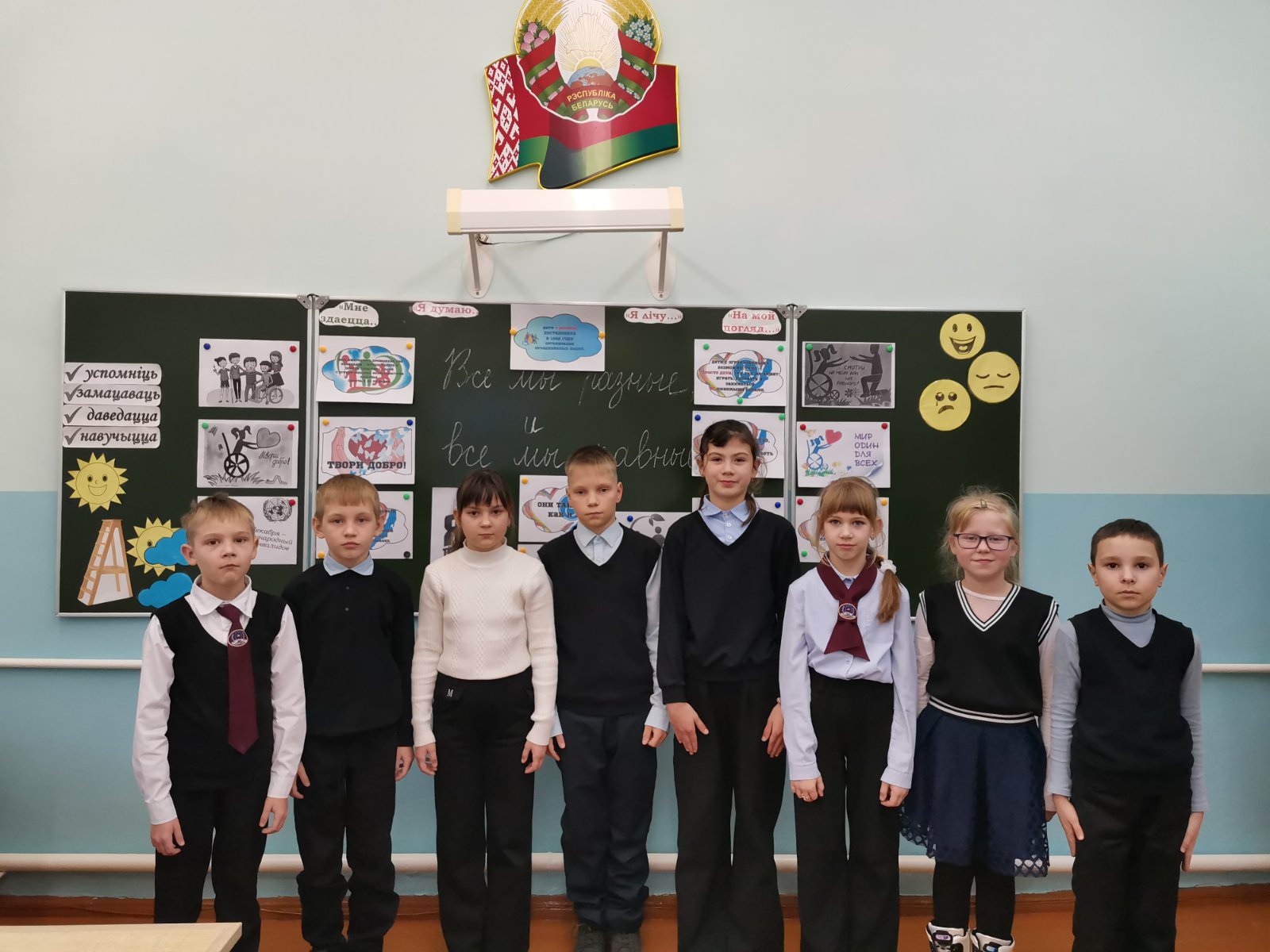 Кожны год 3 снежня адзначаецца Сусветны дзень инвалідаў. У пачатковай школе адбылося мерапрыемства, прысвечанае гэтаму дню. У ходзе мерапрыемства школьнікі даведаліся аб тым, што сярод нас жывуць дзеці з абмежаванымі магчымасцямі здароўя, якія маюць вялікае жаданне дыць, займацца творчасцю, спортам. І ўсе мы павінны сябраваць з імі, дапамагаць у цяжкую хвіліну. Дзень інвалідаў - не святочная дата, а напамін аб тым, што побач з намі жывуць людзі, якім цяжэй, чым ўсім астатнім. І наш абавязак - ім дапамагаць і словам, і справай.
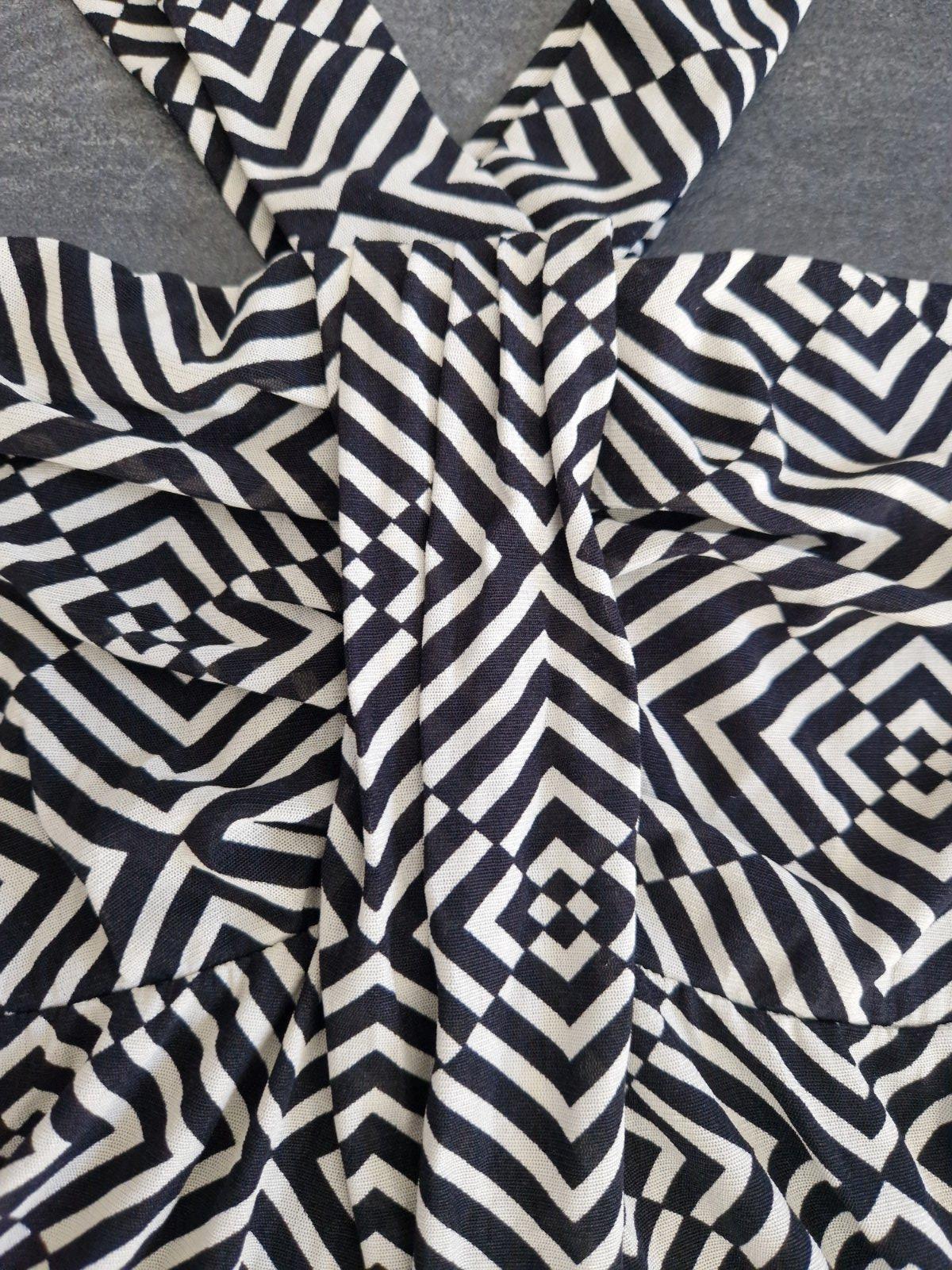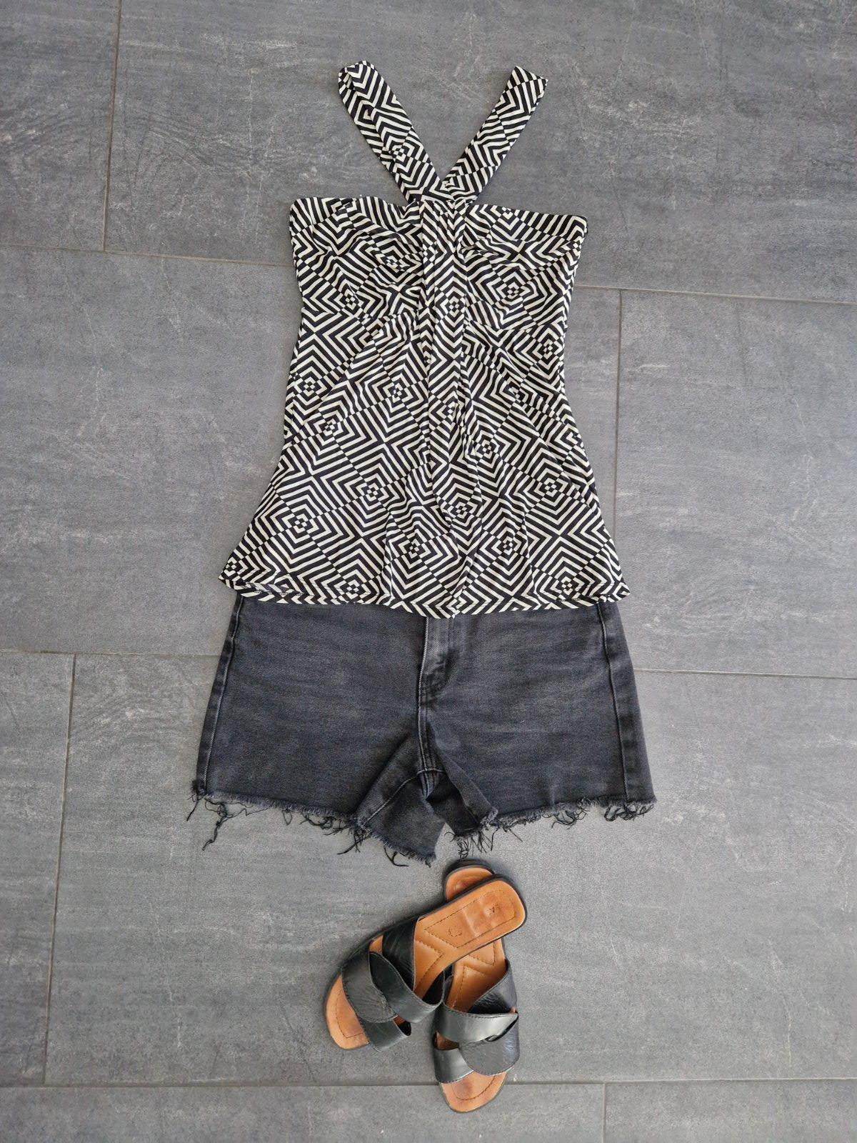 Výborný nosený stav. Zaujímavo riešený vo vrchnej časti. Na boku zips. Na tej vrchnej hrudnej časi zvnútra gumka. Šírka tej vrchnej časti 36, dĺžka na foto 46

==*==

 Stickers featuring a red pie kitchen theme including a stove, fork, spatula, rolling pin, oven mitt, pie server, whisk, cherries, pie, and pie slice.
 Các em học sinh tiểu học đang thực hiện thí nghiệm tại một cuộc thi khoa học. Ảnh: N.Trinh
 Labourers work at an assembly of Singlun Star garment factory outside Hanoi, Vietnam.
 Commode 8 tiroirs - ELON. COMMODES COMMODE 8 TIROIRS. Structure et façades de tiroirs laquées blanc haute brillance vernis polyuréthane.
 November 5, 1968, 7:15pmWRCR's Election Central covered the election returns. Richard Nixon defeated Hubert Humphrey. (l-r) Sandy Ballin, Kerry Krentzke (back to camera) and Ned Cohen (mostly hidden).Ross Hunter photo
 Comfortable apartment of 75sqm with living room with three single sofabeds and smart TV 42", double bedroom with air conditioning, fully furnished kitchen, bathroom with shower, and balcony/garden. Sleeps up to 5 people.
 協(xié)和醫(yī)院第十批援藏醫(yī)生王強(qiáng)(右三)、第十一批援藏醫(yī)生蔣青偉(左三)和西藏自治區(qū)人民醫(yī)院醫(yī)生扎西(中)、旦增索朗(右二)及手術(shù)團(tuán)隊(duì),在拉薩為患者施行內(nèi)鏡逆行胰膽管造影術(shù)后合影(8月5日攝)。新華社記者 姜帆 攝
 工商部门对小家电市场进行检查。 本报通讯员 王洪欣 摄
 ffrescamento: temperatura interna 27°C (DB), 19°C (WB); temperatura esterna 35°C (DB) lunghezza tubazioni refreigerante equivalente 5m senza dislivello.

==*==

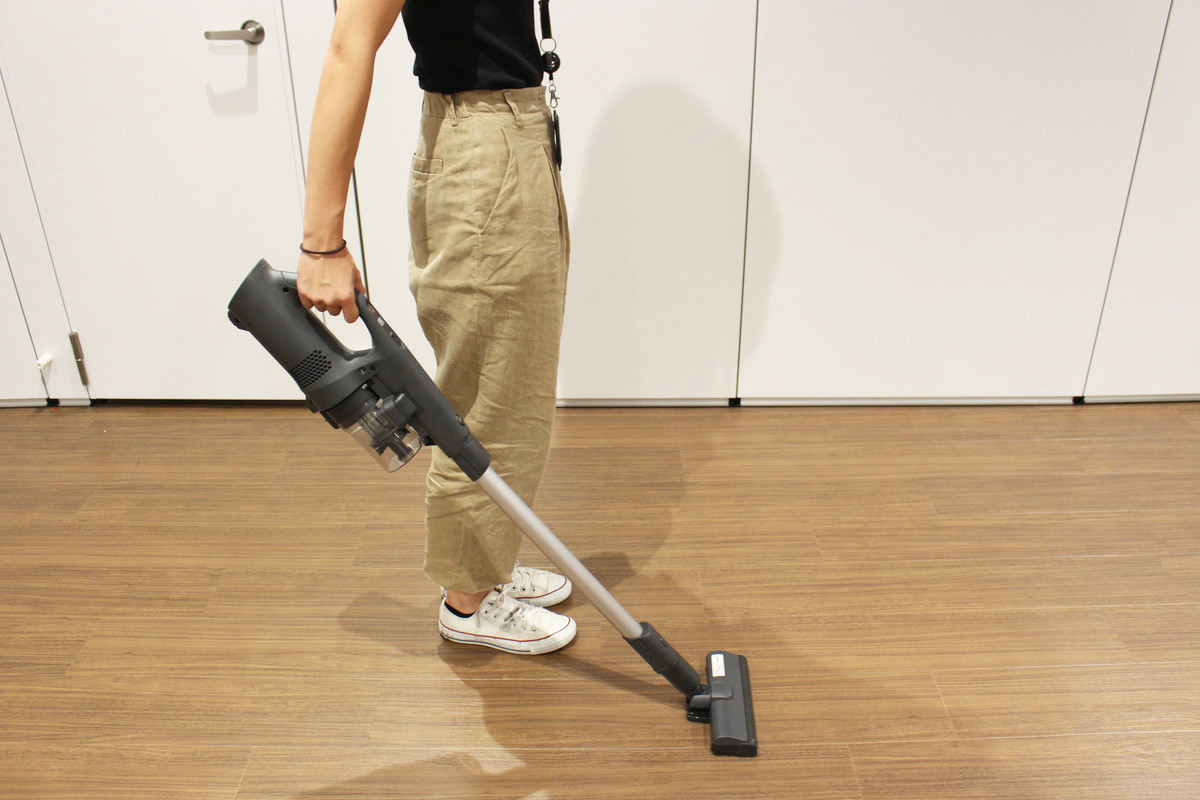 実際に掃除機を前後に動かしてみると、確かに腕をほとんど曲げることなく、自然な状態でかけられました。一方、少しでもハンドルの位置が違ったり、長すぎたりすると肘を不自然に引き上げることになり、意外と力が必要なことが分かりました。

==*==

▸ **Directions**
Quote the data above from the line containing "November 5, 1968, 7:15pmWRCR's" to the line containing "ffrescamento: temperatura interna", inclusive, and stop.

▸ **Worked solution**
 November 5, 1968, 7:15pmWRCR's Election Central covered the election returns. Richard Nixon defeated Hubert Humphrey. (l-r) Sandy Ballin, Kerry Krentzke (back to camera) and Ned Cohen (mostly hidden).Ross Hunter photo
 Comfortable apartment of 75sqm with living room with three single sofabeds and smart TV 42", double bedroom with air conditioning, fully furnished kitchen, bathroom with shower, and balcony/garden. Sleeps up to 5 people.
 協(xié)和醫(yī)院第十批援藏醫(yī)生王強(qiáng)(右三)、第十一批援藏醫(yī)生蔣青偉(左三)和西藏自治區(qū)人民醫(yī)院醫(yī)生扎西(中)、旦增索朗(右二)及手術(shù)團(tuán)隊(duì),在拉薩為患者施行內(nèi)鏡逆行胰膽管造影術(shù)后合影(8月5日攝)。新華社記者 姜帆 攝
 工商部门对小家电市场进行检查。 本报通讯员 王洪欣 摄
 ffrescamento: temperatura interna 27°C (DB), 19°C (WB); temperatura esterna 35°C (DB) lunghezza tubazioni refreigerante equivalente 5m senza dislivello.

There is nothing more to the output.